Rice University’s custom hydrogel traps water-avoiding molecules for slow delivery.
A gap-toothed peptide created by bioengineers at Rice University may be an efficient way to deliver insoluble drugs to precise locations in the body.
Rice bioengineer Jeffrey Hartgerink and his students made a hydrogel of what they call “missing tooth” peptide nanofibers. Gaps in the fibers are designed to hold drug molecules that have hydrophobic—water-avoiding—properties. The biodegradable gel can be injected where needed and releases the medication over time.
The material is the subject of a new paper in the American Chemical Society journal Biomacromolecules.
Hydrogels built of custom peptides are a specialty of Hartgerink’s lab, which has introduced variations in recent years for tissue growth and healing through the clotting powers of synthetic snake venom.
The new work by Hartgerink and Rice graduate students I-Che Li and Amanda Moore aims to administer drugs that tend to clump, which makes them difficult to deliver via the bloodstream.
“Hydrophilic (water-attracting) molecules frequently don’t need a delivery mechanism because you can inject them,” Hartgerink said. “They’re water-soluble, they go into the blood and they’re fine. But hydrophobic drugs are challenging to deliver. We load them into the interstices of these fibers, and they can be delivered wherever we inject the hydrogel.”
In the lab’s earlier hydrogels, proteins or small molecules are trapped in the gel created by the microscopic fibers. “Here, we’ve done something different: We modify the inside of the fibers,” he said. “We remove part of the internal portion of the fiber—that’s the missing tooth—and that’s a hydrophobic environment.”
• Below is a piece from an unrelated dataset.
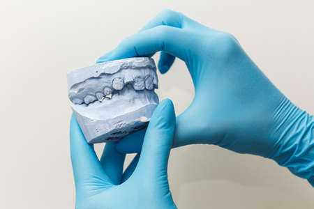dentist examines artificial dental crowns on a model in his office
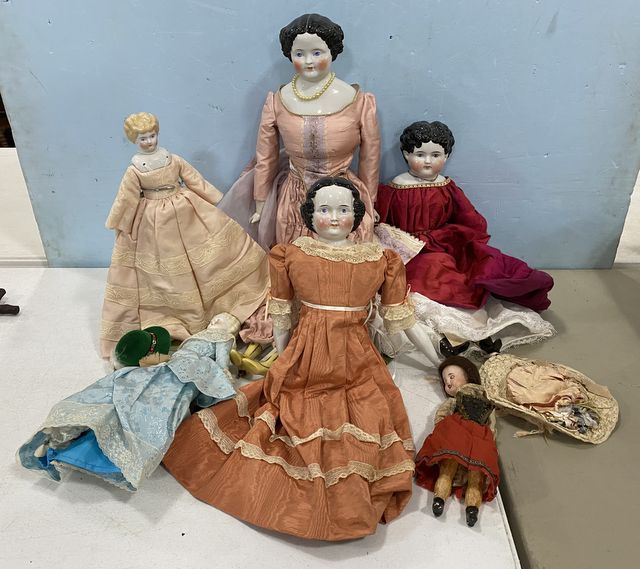 Six Antique Porcelain dolls, three German porcelain, hand painted, late 1800's, largest is 29"h. Six Antique Porcelain dolls, three German porcelain, hand painted, late 1800's, largest is 29"h.

To make the unique fibers, the lab first made custom peptides with alternating hydrophobic and hydrophilic amino acids and left intentional gaps. Hydrophobic small-molecule drugs mixed with the peptides were attracted to the gaps and trapped when the peptides self-assembled into jaw-like fibers.
The hydrogel becomes a liquid due to the shearing forces encountered as it passes through a needle, a phenomenon called thixotropy, and it returns to gel form in the body. The drugs nest in their peptide pockets until released by the hydrogel. The lab has tested hydrogels with cancer, antibiotic and anti-inflammatory drugs and is studying how the drugs are released over time.
Hartgerink said the “missing tooth” hydrogel can serve more than one function. “We can simultaneously trap hydrophilic proteins in the hydrogel matrix,” he said. “There’s no reason we can’t do both at the same time. This paper just looks at one aspect, but they’re not mutually exclusive approaches. The long-term goal of this material is that it eventually can do everything.”